In the prototyping stage, we need to establish which is the best algorithm for our project.
When managing the process lifecylce, we need to deal with effects of concept drift (https://en.wikipedia.org/wiki/Concept_drift), i.e. the variability in importance of certain variables over time and the variability of values which may lead to a model built in the past not performing as well in the future. This may be helped by retraining the algorithm or by finding a different one that performs better with the data as it has evolved.
To achieve the above, we can use the "Compare Models" operator to build models by different algortithms, compare their performance and keep a record of the performance and parameters
The best way to learn about this capability is to open the tutorial process which is bundled with the operator. Just drop the Compare Models operator onto the canvas, switch to the Help panel and navigate to the tutorial process.

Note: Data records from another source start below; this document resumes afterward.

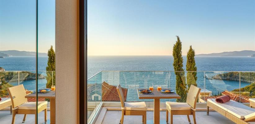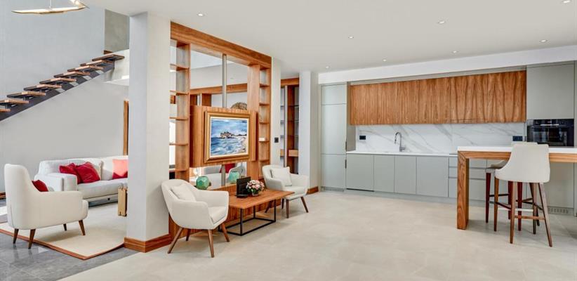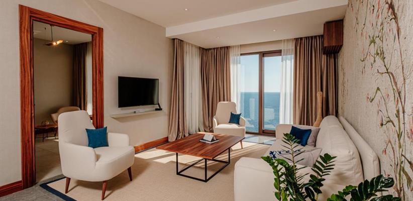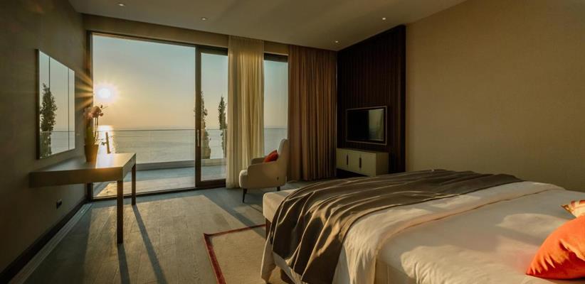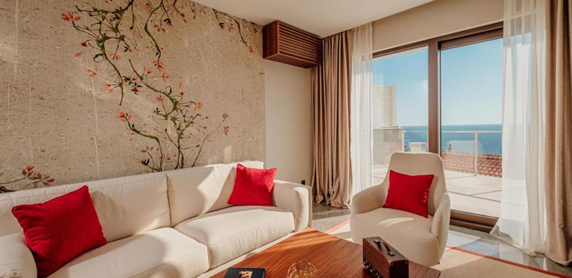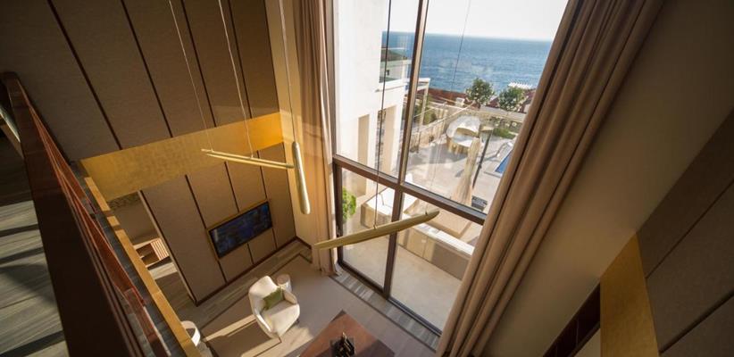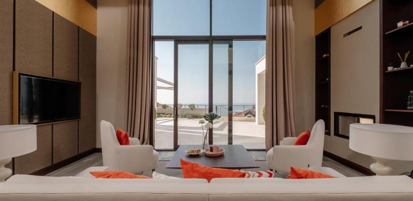 52–75 м2, номер с кроватью king-size, гостиной, оборудованной мини-кухней, просторной ванной комнатой с ванной или душем, меблированной террасой с видом на море. Максимальное количество гостей: 2 взрослых.Deluxe Suite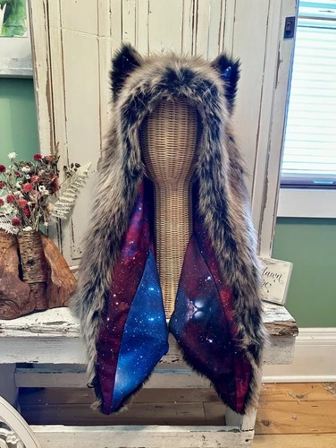Spirithoods LE Grey Wolf Galaxy Shawl RARE Faux Fur Cosmic Stars Moon Rave Emo
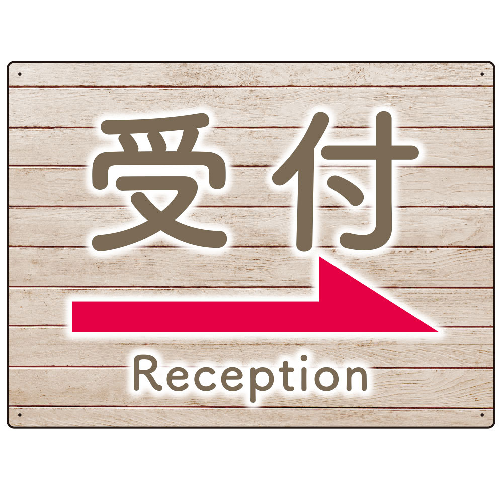 商品説明:和み系木目調デザイン オリジナル プレート看板 受付/右矢印 W600×H450 アルミ複合板 (SP-SMD503R-60x45A)
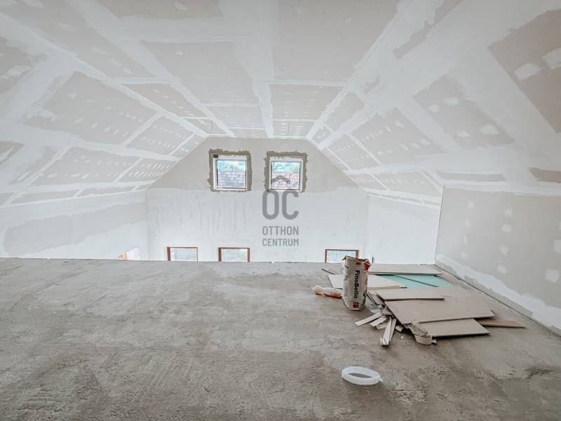 Eladó Vértesacsa egyik legszebb, dombtetőn fekvő, panorámás telkén egy napfényes, belső kétszintes, új építésű családi ház!A vételár a TELJES KÉSZENLÉTRE vonatkozik, de jelenlegi készenléti fokában is megvásárolható.FŐBB JELLEMZŐK- 2024-ben kezdték el építeni, hamarosan kulcsrakész állapot - burkolatok még választhatók!- Lakótér: tágas, világos terek – összesen 7 különnyíló szoba- Földszint: amerikai konyhás nappali, étkező, szülői háló privát fürdővel- Emelet: több hálószoba + galériás tér (dolgozónak, játszószobának vagy extra nappalinak is alkalmas)⚙️ Műszaki tartalom- Fűtés: geotermikus hőszivattyú, padlófűtés + fan-coil rendszer- Szellőzés: központi szellőztető rendszer- Energetikai besorolás: A+- Falazat / szigetelés: 10 cm grafitos szigetelés, kerámia falazat- Garázs: a lakótérből megközelíthető, automata kapu előkészítésselTELEK ÉS KÖRNYEZET- 2449 nm- Panorámás fekvés a dombtetőn- Terasz és sütögető kialakítható- Nyugodt, zöld környezet – mégis jól megközelíthetőTOVÁBBI ELŐNYÖK- Letisztult, egységes burkolatok a kulcsrakész árban- Ideális többgenerációs vagy nagyobb családnakHitelképes: építési hitel és CSOK Plusz igényelhetőHa nyugodt, természetközeli, mégis modern otthont keres – ezt érdemes megnéznie! ????✨Keressen bizalommal!

You should see the same process as above.
The data used comes from one of the bundled data sets and has "Play" set as the target variable:
Then a Multiply operator is used and three different predictive models are built, in this case, using default parameters but those can be optimised if necessary.
The models produced are collected by the Collection operator which passes them to the "Compare Models" operation for Comparison.
The "Compare Models" operator requires two parameters, a location to save the results and a date format and now we can get to the most interesting part, the output:
We can obtain models and their performances, neatly arranged under folders that bear the date and time in the format we specified.
There is also a performance record as a data source which can then be imported into a process to be used as input for further actions such as those from Process Control operators undel Utilities.